6. Deployment Scenarios and Implications

DiffAgent and DiffBench primarily target GPU-based environments (NVIDIA A100, AMD MI100/MI200), but are extensible to CPUs and edge accelerators by specifying device contexts. Tasks define hardware, allowed latency, memory budget, and sampling constraints, ensuring realistic assessment and transferability. These frameworks provide actionable guidance for both LLM-based and human-devised diffusion acceleration code design.
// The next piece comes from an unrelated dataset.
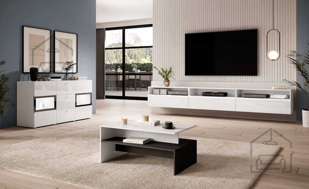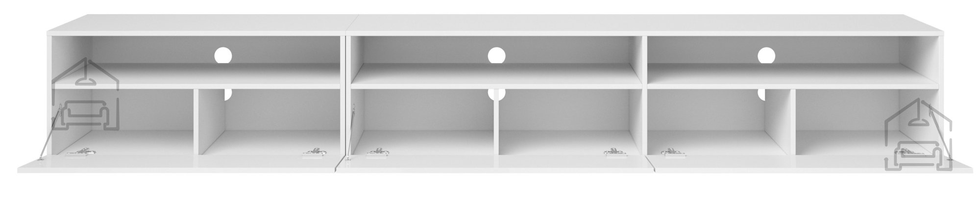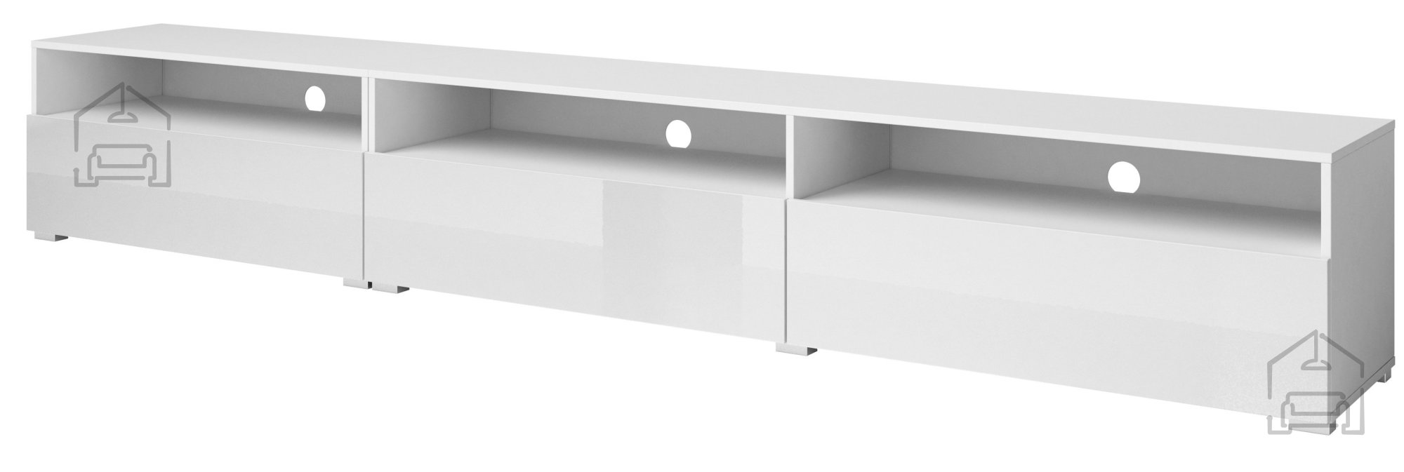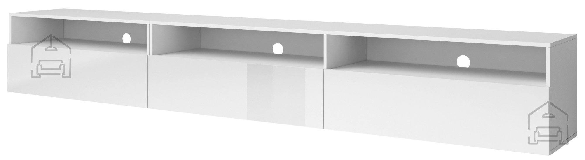 Elegantes Design: Die TV-Kommode Baros wurde mit Blick auf moderne Interieurs entworfen. Die weiße Hochglanzfarbe verleiht einen Hauch von Eleganz, der sich nahtlos mit verschiedenen Einrichtungsstilen – von minimalistisch bis traditionell – kombinieren lässt.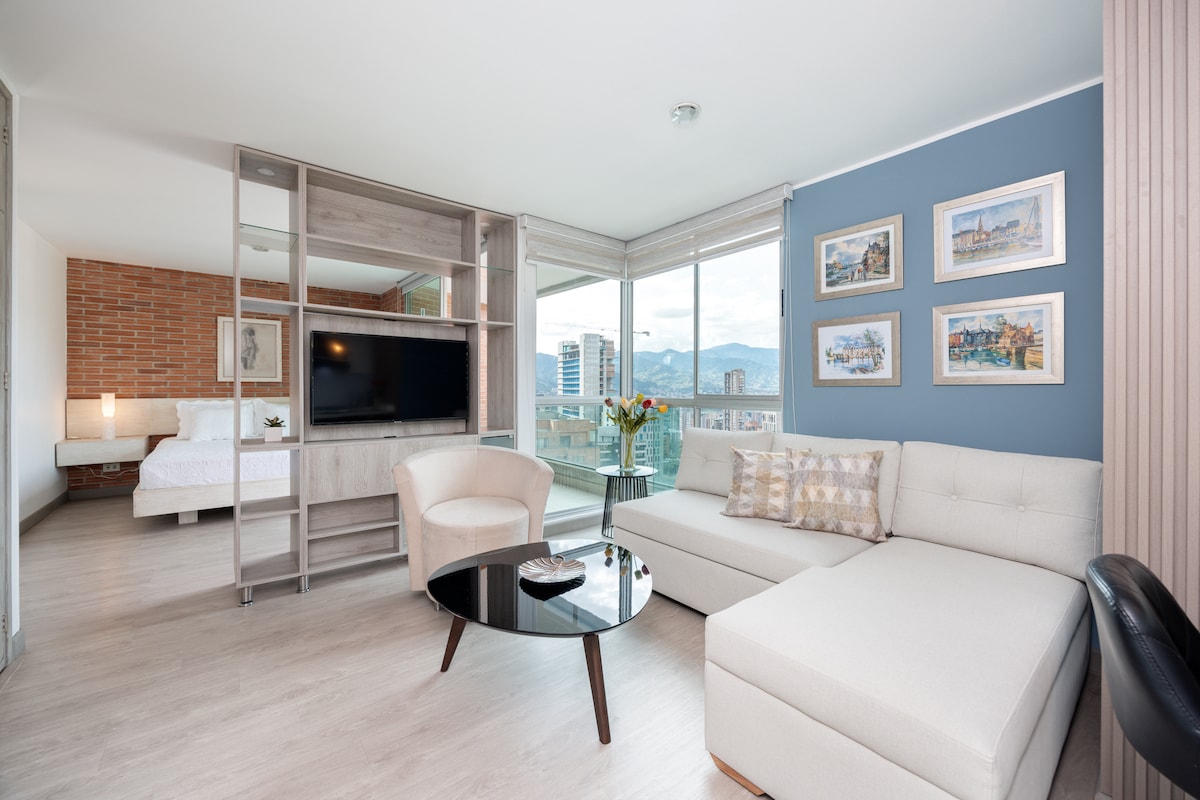 Brand new building (Hotel Urban Studios) & luxury apartment located in the best sector of El Poblado (El Tesoro), is perfect if you are looking for a peaceful and beautiful space. - Luxury interior design, furnishings - Spectacular views from Living Room, Bedroom, & Office - Full Washer & Dryer - Air conditioner In the Bedroom - 55¨Smart TVs LG - 200GB+ Wifi - Heated Pool & Jacuzzi - Steam Room - Complete modern gym - 24-hour security

A plausible implication is that such agentic frameworks could generalize to other model acceleration and optimization domains—enabling automated composition, correctness, and efficiency audits that keep pace with model, method, and hardware diversification.

7. Future Directions

Potential expansions include:

  • Extending DiffAgent's planning and search interfaces to encompass new acceleration methods as they emerge, such as hardware-adaptive or distributed inference optimizations.
  • Jointly optimizing for other metrics (energy, cost, memory) alongside speed and fidelity.
  • Incorporating real-world deployment feedback (on-device profiling, user constraints) into the genetic optimization loop.
  • Integrating with code-diff understanding agents, such as those benchmarked with Diff-XYZ, to enable sophisticated editing and refactoring capabilities for model pipelines under active development.

The combination of agent-driven strategy search, rigorous multi-axis benchmarking, and executable code synthesis embodied by DiffAgent and DiffBench provides a reproducible, scalable paradigm for inference acceleration in diffusion and, by extension, other iterative generative modeling frameworks (Jiao et al., 6 Jan 2026).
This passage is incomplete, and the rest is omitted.